EXERCISE DETAILS:
The lines to be extracted run from the start of the listing through the line containing "Duża skórzana torba"; copy them exactly and nothing else.
Start of MATERIAL SHOWN
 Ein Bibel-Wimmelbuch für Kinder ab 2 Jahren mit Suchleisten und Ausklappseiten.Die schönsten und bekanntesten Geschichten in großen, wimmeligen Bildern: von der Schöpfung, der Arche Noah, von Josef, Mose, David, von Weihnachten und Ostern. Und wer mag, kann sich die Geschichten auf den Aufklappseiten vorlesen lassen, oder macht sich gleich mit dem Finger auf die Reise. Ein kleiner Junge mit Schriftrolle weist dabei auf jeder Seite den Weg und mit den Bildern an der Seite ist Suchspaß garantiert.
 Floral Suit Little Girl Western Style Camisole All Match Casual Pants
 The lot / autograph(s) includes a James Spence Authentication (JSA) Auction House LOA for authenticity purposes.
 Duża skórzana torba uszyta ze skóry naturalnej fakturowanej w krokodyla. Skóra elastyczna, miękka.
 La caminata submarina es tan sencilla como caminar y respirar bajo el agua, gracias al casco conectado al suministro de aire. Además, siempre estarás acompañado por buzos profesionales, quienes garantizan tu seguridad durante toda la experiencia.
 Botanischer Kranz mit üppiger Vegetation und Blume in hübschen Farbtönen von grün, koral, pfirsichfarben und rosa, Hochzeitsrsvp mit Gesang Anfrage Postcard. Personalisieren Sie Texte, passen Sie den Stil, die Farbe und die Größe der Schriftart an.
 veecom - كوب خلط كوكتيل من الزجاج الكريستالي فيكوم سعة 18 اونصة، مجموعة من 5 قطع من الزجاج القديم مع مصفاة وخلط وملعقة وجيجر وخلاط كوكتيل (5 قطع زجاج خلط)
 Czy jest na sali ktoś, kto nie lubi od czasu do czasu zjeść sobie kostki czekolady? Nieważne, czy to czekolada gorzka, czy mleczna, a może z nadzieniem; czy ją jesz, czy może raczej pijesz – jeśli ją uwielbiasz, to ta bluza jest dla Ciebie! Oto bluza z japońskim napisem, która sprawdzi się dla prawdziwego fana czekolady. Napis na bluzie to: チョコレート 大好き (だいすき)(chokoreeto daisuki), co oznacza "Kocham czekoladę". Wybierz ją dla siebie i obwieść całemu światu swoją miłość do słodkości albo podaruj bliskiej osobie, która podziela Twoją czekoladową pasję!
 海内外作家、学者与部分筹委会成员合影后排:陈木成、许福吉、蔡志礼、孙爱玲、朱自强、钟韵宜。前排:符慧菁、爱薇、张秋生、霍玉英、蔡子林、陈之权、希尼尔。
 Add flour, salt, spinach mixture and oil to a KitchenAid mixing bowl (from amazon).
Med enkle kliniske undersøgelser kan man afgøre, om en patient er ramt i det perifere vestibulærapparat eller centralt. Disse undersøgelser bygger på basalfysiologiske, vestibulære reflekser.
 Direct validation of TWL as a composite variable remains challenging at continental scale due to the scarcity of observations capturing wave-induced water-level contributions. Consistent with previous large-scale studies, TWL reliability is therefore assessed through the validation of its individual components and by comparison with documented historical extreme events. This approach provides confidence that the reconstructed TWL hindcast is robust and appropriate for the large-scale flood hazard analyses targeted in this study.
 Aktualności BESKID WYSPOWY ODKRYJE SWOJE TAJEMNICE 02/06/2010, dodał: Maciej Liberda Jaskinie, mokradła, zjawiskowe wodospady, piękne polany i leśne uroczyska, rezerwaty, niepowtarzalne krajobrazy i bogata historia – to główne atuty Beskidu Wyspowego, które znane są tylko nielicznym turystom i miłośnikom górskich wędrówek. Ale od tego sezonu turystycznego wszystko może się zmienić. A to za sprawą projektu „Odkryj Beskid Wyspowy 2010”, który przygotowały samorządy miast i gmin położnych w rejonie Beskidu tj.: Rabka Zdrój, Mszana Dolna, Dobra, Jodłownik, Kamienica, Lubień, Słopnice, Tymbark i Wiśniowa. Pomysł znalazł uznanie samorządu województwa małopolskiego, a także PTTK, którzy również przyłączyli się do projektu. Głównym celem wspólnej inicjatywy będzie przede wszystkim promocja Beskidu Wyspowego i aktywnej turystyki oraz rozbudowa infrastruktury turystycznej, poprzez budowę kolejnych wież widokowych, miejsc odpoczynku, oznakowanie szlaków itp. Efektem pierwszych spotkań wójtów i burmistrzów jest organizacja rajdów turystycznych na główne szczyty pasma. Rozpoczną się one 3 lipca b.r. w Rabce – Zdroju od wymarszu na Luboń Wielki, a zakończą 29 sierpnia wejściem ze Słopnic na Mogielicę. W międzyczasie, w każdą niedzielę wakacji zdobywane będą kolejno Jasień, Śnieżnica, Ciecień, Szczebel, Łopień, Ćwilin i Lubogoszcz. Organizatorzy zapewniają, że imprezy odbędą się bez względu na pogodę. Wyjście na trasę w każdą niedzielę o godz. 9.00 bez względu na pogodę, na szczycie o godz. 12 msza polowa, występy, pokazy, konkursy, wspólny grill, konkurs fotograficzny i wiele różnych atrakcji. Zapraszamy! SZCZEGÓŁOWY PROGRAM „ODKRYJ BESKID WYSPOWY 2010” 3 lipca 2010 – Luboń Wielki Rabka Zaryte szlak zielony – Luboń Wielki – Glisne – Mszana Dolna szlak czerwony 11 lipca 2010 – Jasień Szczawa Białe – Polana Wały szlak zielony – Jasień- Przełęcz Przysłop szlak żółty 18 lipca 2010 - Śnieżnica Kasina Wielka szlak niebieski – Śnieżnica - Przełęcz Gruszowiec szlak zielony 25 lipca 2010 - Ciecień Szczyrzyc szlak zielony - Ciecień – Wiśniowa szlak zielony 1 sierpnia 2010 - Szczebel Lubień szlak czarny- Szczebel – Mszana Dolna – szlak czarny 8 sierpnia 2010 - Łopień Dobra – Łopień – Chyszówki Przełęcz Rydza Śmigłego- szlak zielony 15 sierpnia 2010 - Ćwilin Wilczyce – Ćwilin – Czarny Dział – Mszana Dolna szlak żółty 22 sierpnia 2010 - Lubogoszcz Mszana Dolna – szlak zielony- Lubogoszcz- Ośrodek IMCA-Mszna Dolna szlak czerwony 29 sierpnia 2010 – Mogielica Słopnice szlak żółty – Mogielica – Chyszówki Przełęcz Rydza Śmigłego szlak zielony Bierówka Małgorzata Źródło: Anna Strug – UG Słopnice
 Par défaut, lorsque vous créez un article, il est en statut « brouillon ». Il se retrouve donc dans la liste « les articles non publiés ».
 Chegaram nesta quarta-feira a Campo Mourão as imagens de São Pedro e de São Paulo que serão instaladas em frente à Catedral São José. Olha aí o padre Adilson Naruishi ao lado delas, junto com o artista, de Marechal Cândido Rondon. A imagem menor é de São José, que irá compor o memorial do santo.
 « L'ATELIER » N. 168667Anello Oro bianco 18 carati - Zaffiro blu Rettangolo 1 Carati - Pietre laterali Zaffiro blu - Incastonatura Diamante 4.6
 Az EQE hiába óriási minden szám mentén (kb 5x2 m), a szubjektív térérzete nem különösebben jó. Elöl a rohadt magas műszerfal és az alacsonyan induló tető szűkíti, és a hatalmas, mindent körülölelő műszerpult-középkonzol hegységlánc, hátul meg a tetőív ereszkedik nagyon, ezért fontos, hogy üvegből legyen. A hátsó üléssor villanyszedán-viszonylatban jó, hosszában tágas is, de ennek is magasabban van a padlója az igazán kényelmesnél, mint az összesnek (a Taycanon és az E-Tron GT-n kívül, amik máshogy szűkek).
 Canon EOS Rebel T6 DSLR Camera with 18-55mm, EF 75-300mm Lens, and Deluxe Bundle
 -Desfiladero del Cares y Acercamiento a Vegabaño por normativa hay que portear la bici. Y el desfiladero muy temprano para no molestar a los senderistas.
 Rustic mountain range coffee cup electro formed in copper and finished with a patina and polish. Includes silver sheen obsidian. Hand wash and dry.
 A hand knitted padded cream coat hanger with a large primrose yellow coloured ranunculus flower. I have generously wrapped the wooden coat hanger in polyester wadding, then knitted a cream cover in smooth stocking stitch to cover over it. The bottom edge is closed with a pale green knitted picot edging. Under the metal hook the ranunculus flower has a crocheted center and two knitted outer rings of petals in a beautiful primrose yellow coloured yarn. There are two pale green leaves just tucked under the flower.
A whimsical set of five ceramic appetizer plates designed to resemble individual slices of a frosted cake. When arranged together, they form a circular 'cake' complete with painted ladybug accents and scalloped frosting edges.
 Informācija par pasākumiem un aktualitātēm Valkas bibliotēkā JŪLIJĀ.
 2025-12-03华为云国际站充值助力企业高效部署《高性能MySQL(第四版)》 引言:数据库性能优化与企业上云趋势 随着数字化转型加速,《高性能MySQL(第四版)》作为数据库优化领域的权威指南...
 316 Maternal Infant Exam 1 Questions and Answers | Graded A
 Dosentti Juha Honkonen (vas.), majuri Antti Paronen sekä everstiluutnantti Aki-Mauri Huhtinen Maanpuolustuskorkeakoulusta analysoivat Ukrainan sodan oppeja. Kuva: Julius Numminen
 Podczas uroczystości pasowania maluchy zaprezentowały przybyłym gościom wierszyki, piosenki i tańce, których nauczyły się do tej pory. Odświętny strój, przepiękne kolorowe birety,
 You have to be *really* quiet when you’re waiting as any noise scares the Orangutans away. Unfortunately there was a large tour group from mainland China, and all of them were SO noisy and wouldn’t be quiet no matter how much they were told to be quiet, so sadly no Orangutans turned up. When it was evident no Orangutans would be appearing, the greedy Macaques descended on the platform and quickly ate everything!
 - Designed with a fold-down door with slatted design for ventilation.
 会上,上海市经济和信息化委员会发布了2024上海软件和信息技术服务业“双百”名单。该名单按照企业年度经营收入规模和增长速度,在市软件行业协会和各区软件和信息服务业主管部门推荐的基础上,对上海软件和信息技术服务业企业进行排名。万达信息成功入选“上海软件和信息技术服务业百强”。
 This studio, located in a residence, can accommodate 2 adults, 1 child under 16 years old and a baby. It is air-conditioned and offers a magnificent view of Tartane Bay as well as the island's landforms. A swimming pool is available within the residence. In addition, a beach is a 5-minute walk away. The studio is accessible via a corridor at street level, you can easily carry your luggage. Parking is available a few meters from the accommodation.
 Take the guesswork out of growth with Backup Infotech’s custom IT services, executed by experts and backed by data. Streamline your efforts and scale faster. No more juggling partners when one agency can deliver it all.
End of MATERIAL SHOWN
ANSWER BELOW:
 Ein Bibel-Wimmelbuch für Kinder ab 2 Jahren mit Suchleisten und Ausklappseiten.Die schönsten und bekanntesten Geschichten in großen, wimmeligen Bildern: von der Schöpfung, der Arche Noah, von Josef, Mose, David, von Weihnachten und Ostern. Und wer mag, kann sich die Geschichten auf den Aufklappseiten vorlesen lassen, oder macht sich gleich mit dem Finger auf die Reise. Ein kleiner Junge mit Schriftrolle weist dabei auf jeder Seite den Weg und mit den Bildern an der Seite ist Suchspaß garantiert.
 Floral Suit Little Girl Western Style Camisole All Match Casual Pants
 The lot / autograph(s) includes a James Spence Authentication (JSA) Auction House LOA for authenticity purposes.
 Duża skórzana torba uszyta ze skóry naturalnej fakturowanej w krokodyla. Skóra elastyczna, miękka.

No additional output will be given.